Data collection is often seen as a one-time event and is neglected in favour of building better model architecture. As a result, hundreds of hours are lost in fine-tuning models based on imperfect data. According to Andrew Ng, we “need to move from a model-centric approach to a data-centric approach.”
Model-centric approach
Over the last decade, most AI applications have employed a model-centric (or software-centric) approach–designing empirical tests to develop the best model architecture and training procedure to improve the performance of a model. This consists of fixing data and optimising and developing new programs to learn from the data better.
Recently, there's been more and more talk about data-centric vs model centric approaches. Interesting paper highlighting the issue in practice –> ' “Everyone wants to do the model work, not the data work”: Data Cascades in High-Stakes AI ' https://t.co/tpAO2qHVDH
— Sebastian Raschka (@rasbt) April 15, 2021
Data-centric approach
Given the extensive set of techniques available today, theoretical advancement in AI could be furthered by focusing on data instead of software architectures. Indubitably, data has a significant influence over what a model learns.
That said, a data-centric approach isn’t the same as a data-driven approach. While the former deals with using data to understand what needs to be created, the latter refers to a system for collecting, deconstructing, and extracting insights from data.
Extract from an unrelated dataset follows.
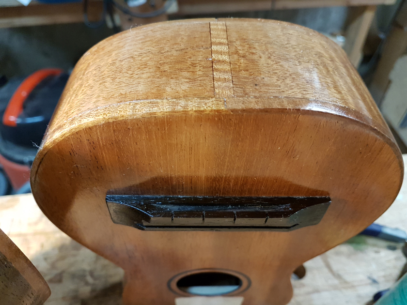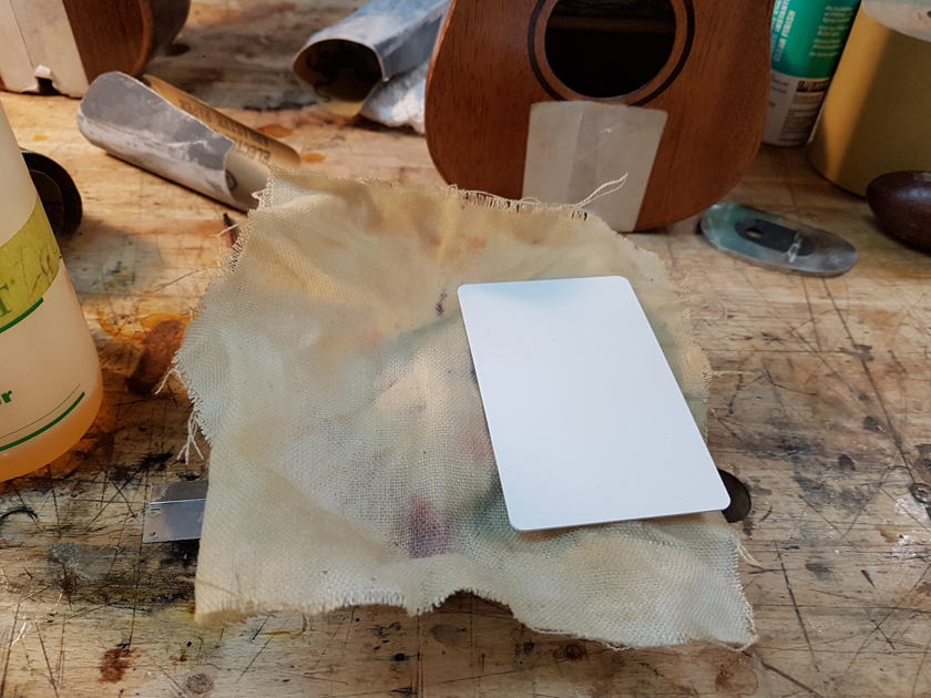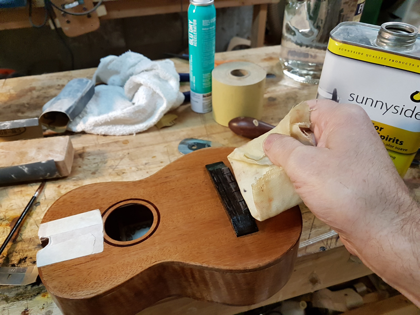 It is a real pain to French-polish with the bridge in the way. To get a clean finish close to the bridge I pulled the cover from my muñeca and wrapped it in a blank name badge card. It did help me get close.

A data-centric AI system emphasises programming and iterating datasets rather than the code, and represents a shift of interest from big data to good data. It entails spending more time on systematically changing and improving datasets to improve the accuracy of ML applications. It doesn’t necessarily emphasise the size of the dataset but is more concerned with the quality of the data. To wit, data doesn’t need to be expansive but labelled correctly and carefully selected to cover the bases.
Benefits of a data-centric approach
A one-size-fits-all AI system to extract insights from data across the industries is not practical. Instead, the organisations are better off developing data-centric AI systems with data that reflects exactly what the AI needs to learn.
While an internet company may have the data of millions of users for their AI system to learn from, industries such as healthcare lack sizable datasets. For instance, an AI system may have to learn to detect a rare disease from just a few hundred samples.
Moving from a model-centric to a data-centric approach can help bypass the supply problem of AI talent and eliminate the need for hiring a large team for a smaller project.
Why now?
The performance of modern models have improved drastically, but such models don’t generalise to a wider set of domains and more complex problems. The most effective way to build and maintain domain knowledge is to focus on data and not the model. In other words, data management should be prioritised over software development.
Since AI systems require maintenance over a long time, we need to establish ways to manage the data for AI systems—for which there are no existing procedures, norms, or theory.
How to measure the quality of data
Consistent labelling: Inconsistent labels can introduce noise in the data but can be mitigated by introducing appropriate guidelines.
According to Andrew Ng, one can avoid labelling discrepancies in the following ways: (1) have two independent labelers label a sample of images; (2) have a metric for where labelers disagree and inconsistencies appear; (3) routinely revise labelling guidelines until there aren’t any discrepancies.
Accuracy: This is an assessment of how close a label is to the Ground Truth data—which is a subset of training data that has been labelled by an expert so that it can be used to test the accuracy of the annotator. Benchmark datasets are used to ascertain how accurate the overall quality of data is.
Review: It involves an expert visually spot-checking annotations, although sometimes all labels are double-checked.
Noisy data: The smaller a dataset is, the more noisy data it’s likely to have. In larger datasets, the noisy labels are usually averaged out. However, there is no margin for error for critical use cases like medical image analysis, and even a small amount of noisy data can lead to significant errors.